MATERIAL FOR THE TASK:
-*-

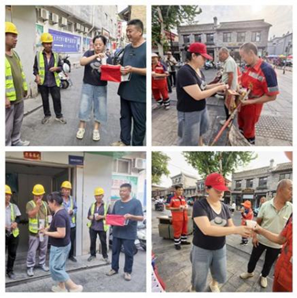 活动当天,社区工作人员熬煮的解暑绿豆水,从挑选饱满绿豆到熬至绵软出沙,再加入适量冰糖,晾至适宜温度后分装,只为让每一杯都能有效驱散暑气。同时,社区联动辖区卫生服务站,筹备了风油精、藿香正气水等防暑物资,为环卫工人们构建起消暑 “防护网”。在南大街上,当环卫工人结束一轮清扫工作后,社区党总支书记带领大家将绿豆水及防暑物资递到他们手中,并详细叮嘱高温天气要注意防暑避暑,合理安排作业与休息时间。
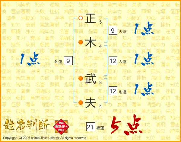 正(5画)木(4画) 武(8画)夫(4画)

-*-

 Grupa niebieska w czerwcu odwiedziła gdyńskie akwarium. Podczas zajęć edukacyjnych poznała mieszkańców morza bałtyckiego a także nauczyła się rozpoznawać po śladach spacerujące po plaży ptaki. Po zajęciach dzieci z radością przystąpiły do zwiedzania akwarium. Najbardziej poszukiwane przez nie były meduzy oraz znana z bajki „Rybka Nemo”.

-*-

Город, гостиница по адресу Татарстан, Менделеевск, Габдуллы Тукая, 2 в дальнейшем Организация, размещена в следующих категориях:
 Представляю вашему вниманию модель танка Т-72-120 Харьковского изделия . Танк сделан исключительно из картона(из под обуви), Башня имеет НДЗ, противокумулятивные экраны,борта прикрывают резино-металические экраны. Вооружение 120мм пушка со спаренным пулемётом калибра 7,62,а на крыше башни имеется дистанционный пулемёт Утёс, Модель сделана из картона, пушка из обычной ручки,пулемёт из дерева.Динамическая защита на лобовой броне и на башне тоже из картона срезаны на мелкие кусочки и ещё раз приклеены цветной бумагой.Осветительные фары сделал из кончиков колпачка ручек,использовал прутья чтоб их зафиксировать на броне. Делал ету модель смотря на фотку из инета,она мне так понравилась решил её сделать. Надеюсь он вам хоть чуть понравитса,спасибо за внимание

-*-

ABOUT THIS EXERCISE: An exact copy is needed of the stretch above that opens with the line containing "活动当天,社区工作人员熬煮的" and closes with the line containing "正(5画)木(4画) 武(8画)夫(4画)"; the pictures are not part of it.

PROBLEM SOLUTION:
 活动当天,社区工作人员熬煮的解暑绿豆水,从挑选饱满绿豆到熬至绵软出沙,再加入适量冰糖,晾至适宜温度后分装,只为让每一杯都能有效驱散暑气。同时,社区联动辖区卫生服务站,筹备了风油精、藿香正气水等防暑物资,为环卫工人们构建起消暑 “防护网”。在南大街上,当环卫工人结束一轮清扫工作后,社区党总支书记带领大家将绿豆水及防暑物资递到他们手中,并详细叮嘱高温天气要注意防暑避暑,合理安排作业与休息时间。
 正(5画)木(4画) 武(8画)夫(4画)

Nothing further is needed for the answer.